I know I have to go to Puerto Rico again this year. I am really pleased with renting an apartment, it was just so much fun. I really enjoyed it.

I want to see my sister too in Houston. Shes even willing to help pay my way there but I want to try traveling by train. It will take longer but train travel has always seemed exciting to me. I want the money for the train and then buying souvenirs and stuff. Plus I wanna give my dad a little something and my sister since I couldnt buy them xmas gifts.

I know there are more things but I am blanking.

I’m no longer apologizing or….

February 7, 2010

….or making excuses for not updating as much as I used to. I want to update every day but because I hadnt in so long, I just never know what to write.
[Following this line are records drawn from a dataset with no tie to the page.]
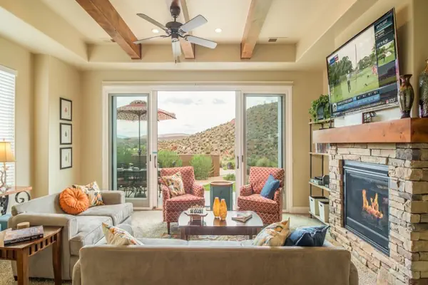 Family Room: Couch and love seat with pull out queen sofa sleeper, two chairs, flat screen TV, and fireplace. Walk out to the patio with amazing views of the Coral Canyon Golf Course.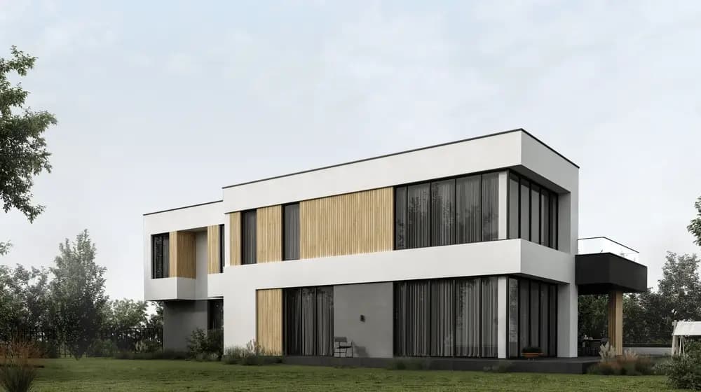 Фасады выполнили в 3 материалах: черная и белая штукатурка и облицовка планкеном.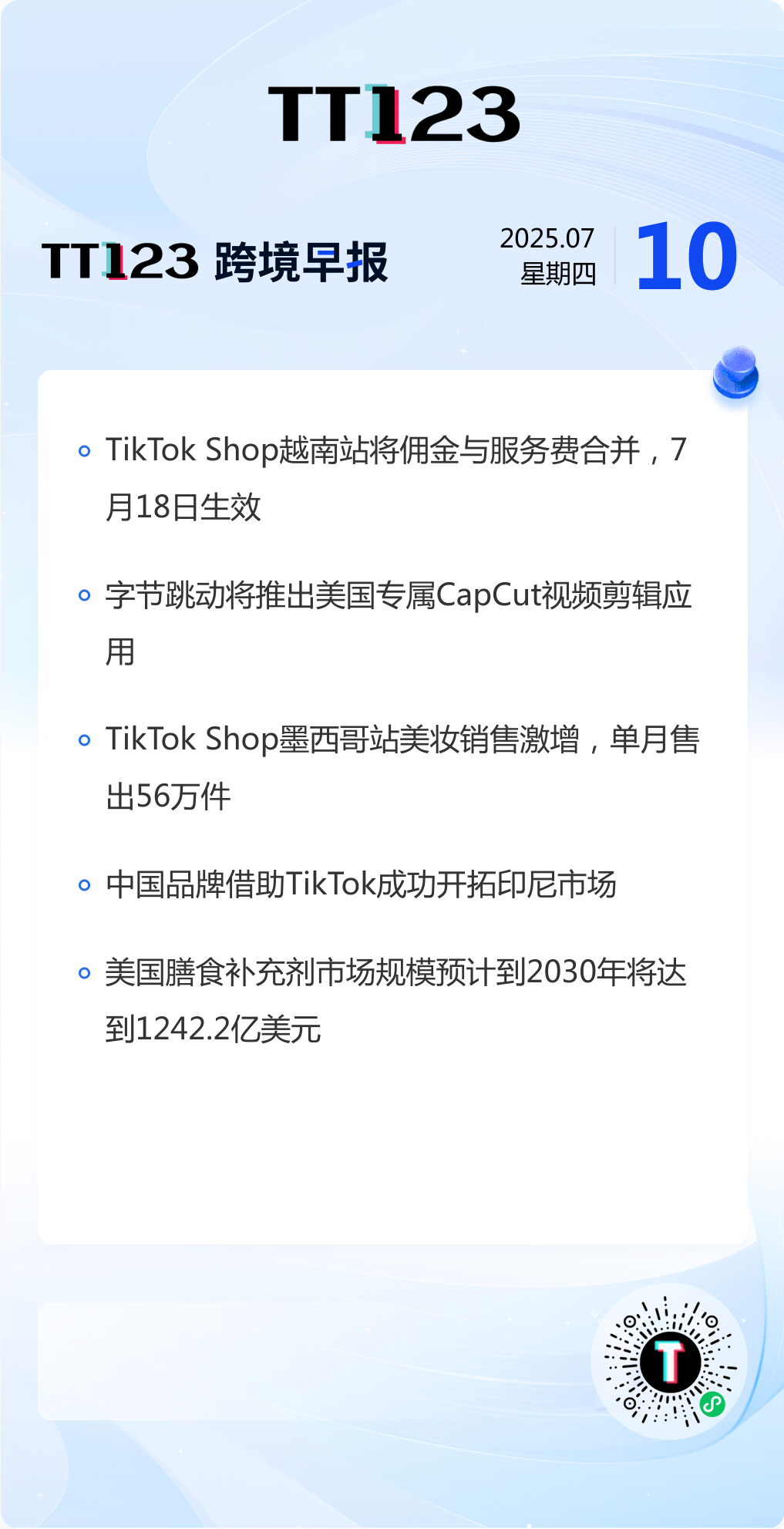 查看更多 TikTok Shop越南站将佣金与服务费合并,7月18日生效/字节跳动将推出美国专属CapCut视频剪辑应用/TikTok Shop墨西哥站美妆销售激增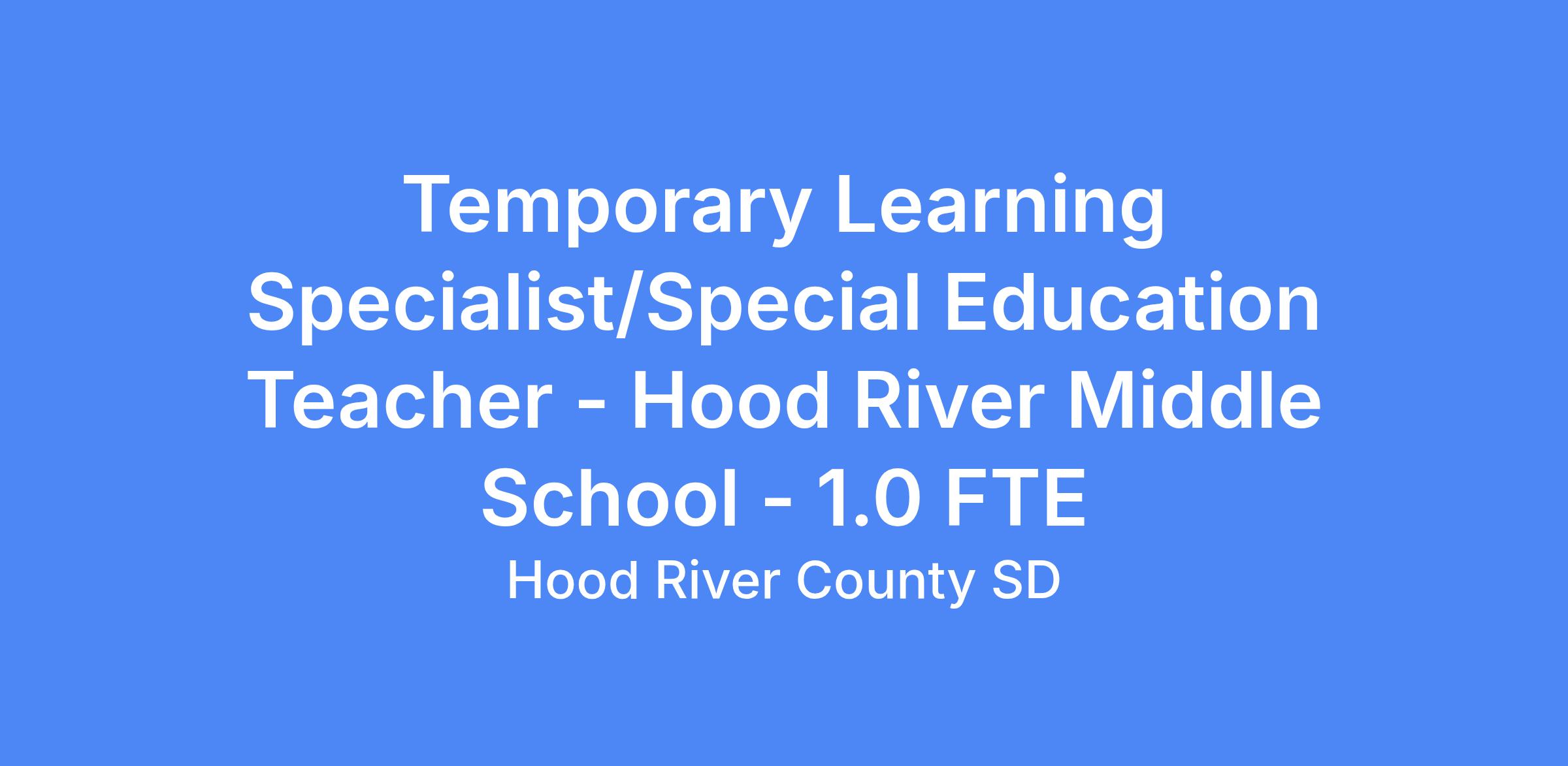 HOOD RIVER COUNTY SCHOOL DISTRICT IS AN EQUAL OPPORTUNITY EMPLOYER. Reasonable accommodations for the application and interview process will be provided upon request and as required in accordance with the Americans with Disabilities Act of 1990. Disabled persons may contact Hood River County School District at 541/387-5016 for additional information or assistance. Speech or hearing-impaired persons may contact Hood River County School District for assistance through the Oregon Telecommunications Relay Service by dialing 1-800-735-2900.

See, I said I wouldnt make excuses and yet I did. Whatever.

Anyways, things have been going alright. I truly cant complain too much. In fact many great things have been happening concerning music. All my songs are on my hard drive. I know it doesnt sound like much but trust me, Ive lost my song book enough to know i need it somewhere it cant really get too lost.

We (Jay and I) got a residency at Beauty Bar in Bushwick. it was a lot of fun performing this past Thursday. I was feeling miserable (physically) but I didnt care I still was so happy I was there. I cant wait to play again. We will be playing Thursday nights for the month of February.

The main reason I havent updated any critiques is plain and simple: I write for SKORCH Magazine now. So I do my reviews on there. However its only one a month so I will get back to posting them here as well. No worries, when Im ready you will see them.

I’ve been really ill the passed week and a half too. Im gonna be ok but I have an abscess on my thigh. It was infected and really painful. It still hurts like a mofo but I will be seeing a surgeon (yeah its that bad) tomorrow and they will tell me if it needs to be surgically removed or not. I am hoping not. Either way its getting better so no worries everything is going to be just fine.

I have mild cabin fever though. I noticed when I went to the show on Thursday I couldnt shut up for the life of me. I need to socialize more, I always say that, but when Im broke which is most of the time, I really dont like going out. Mix in doctors orders of not moving too much and you got me stuck at home wanting company. Thankfully Jay has been here often since he got back from South Hadley but yeah, my other friends who actually live close by? Yeah… lets not get into that. LOL

I have to call the temp agency I rejoined to remind them I am sans a real job every Monday. Let’s hope they get me something.

I actually do have a lot to say on here. Something tells me you will see a spurt of blogs for a while again.

Yay? I mean, do you guys read? If ya do comment in here. Just so I know its being read. I will still write either way but its just nice to know people are listening.